Records from a data collection »
Start of Block

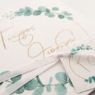 Αξεσουάρ: καρτάκι 5×5 εκατ. με μονογράμματα και στεφανάκι και Κορδέλα γκρο λευκή 0,6 εκατ.
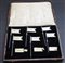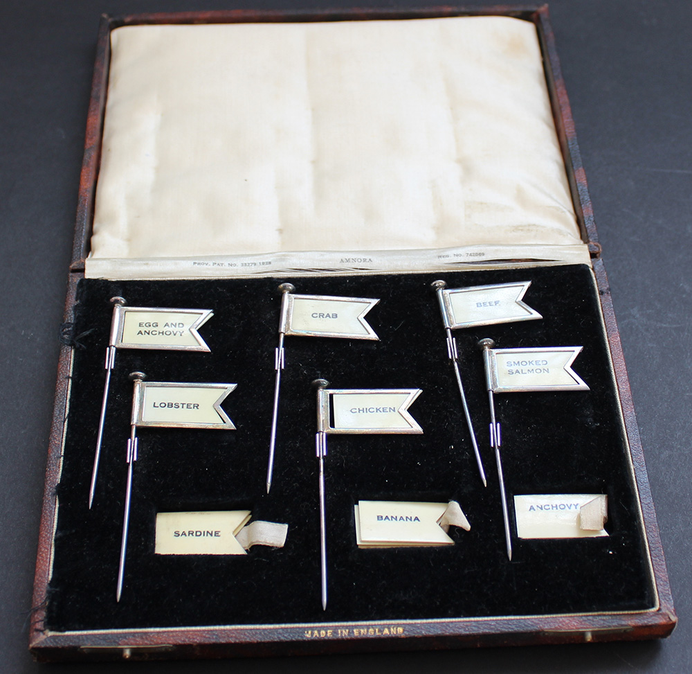 Lotto di sei spilloni segna cibo in argento a forma di bandierina con fascette intercambiabili in resina, in custodia (difetti)
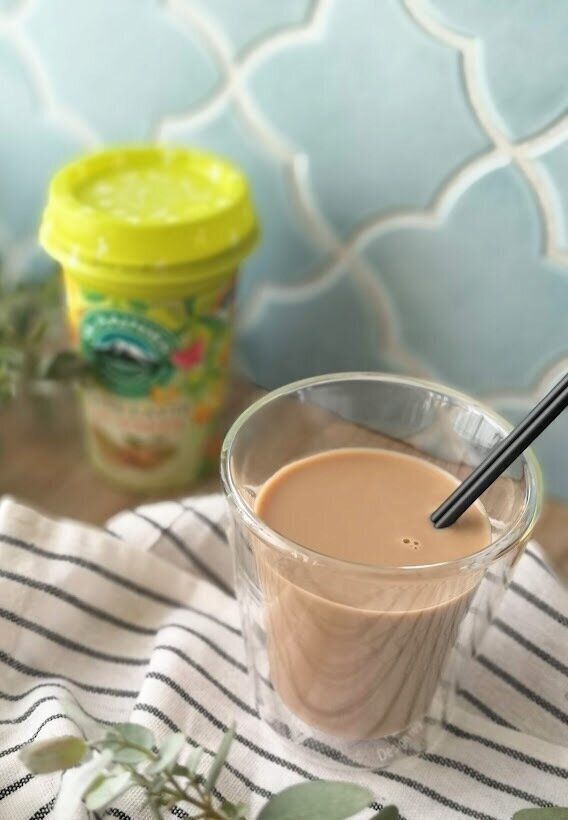 今回のマウントレーニアは「ハッピーピスタチオ」という商品なので、なんとなくイメージ的に色合いもグリーンなのかしら?と気になり、カップに注いで見ましたが色合いは普通のカフェオレ色でした。
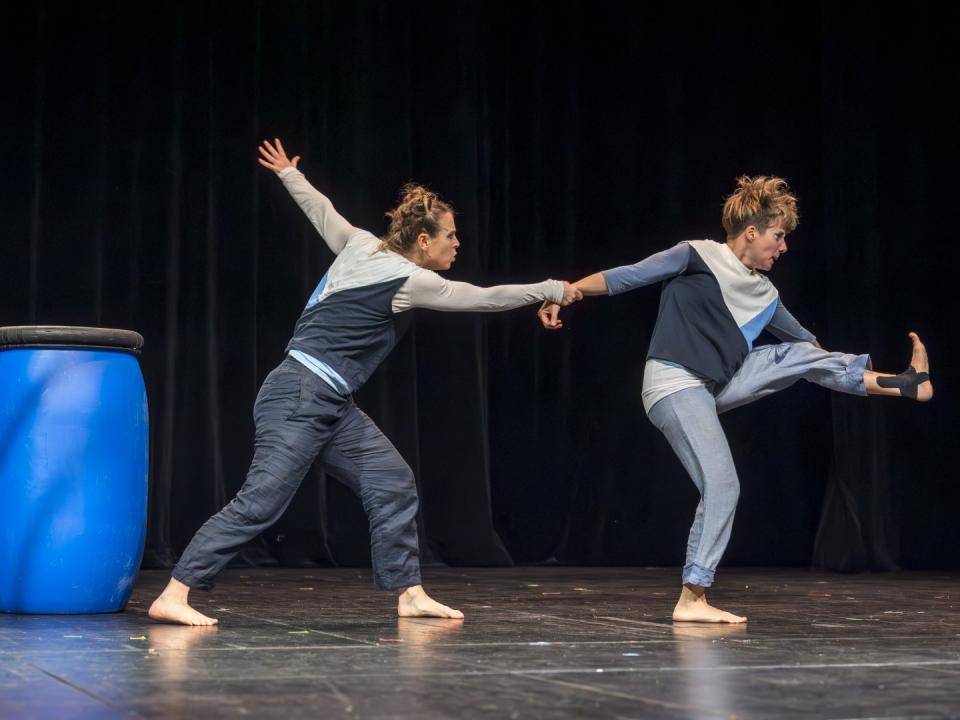 Zusammen mit ihrer blauen Tonne präsentieren sie das Stück "Platz ist in der kleinsten Tonne".
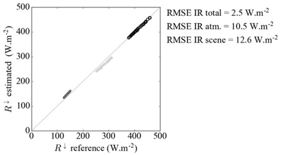 Comparison of estimated and reference total (black circles), atmospheric (dark grey dots) and scene (light grey dots) downwelling TIR radiation for a whole district.
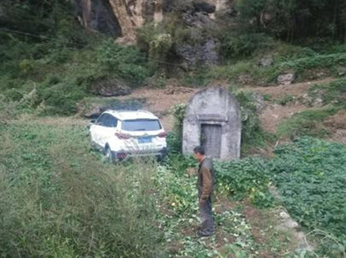 从目击市民提供的照片可以看到,白色的轿车开进农田停在了一座坟墓旁边,车身上面还有一些杂草挂在上面,模样十分狼狈。

End of Block

Description of the task » No pictures should appear in the copy. Reproduce exactly the lines from the line containing "Lotto di sei" through the last line of the data, inclusive.

Exercise result »
 Lotto di sei spilloni segna cibo in argento a forma di bandierina con fascette intercambiabili in resina, in custodia (difetti)
 今回のマウントレーニアは「ハッピーピスタチオ」という商品なので、なんとなくイメージ的に色合いもグリーンなのかしら?と気になり、カップに注いで見ましたが色合いは普通のカフェオレ色でした。
 Zusammen mit ihrer blauen Tonne präsentieren sie das Stück "Platz ist in der kleinsten Tonne".
 Comparison of estimated and reference total (black circles), atmospheric (dark grey dots) and scene (light grey dots) downwelling TIR radiation for a whole district.
 从目击市民提供的照片可以看到,白色的轿车开进农田停在了一座坟墓旁边,车身上面还有一些杂草挂在上面,模样十分狼狈。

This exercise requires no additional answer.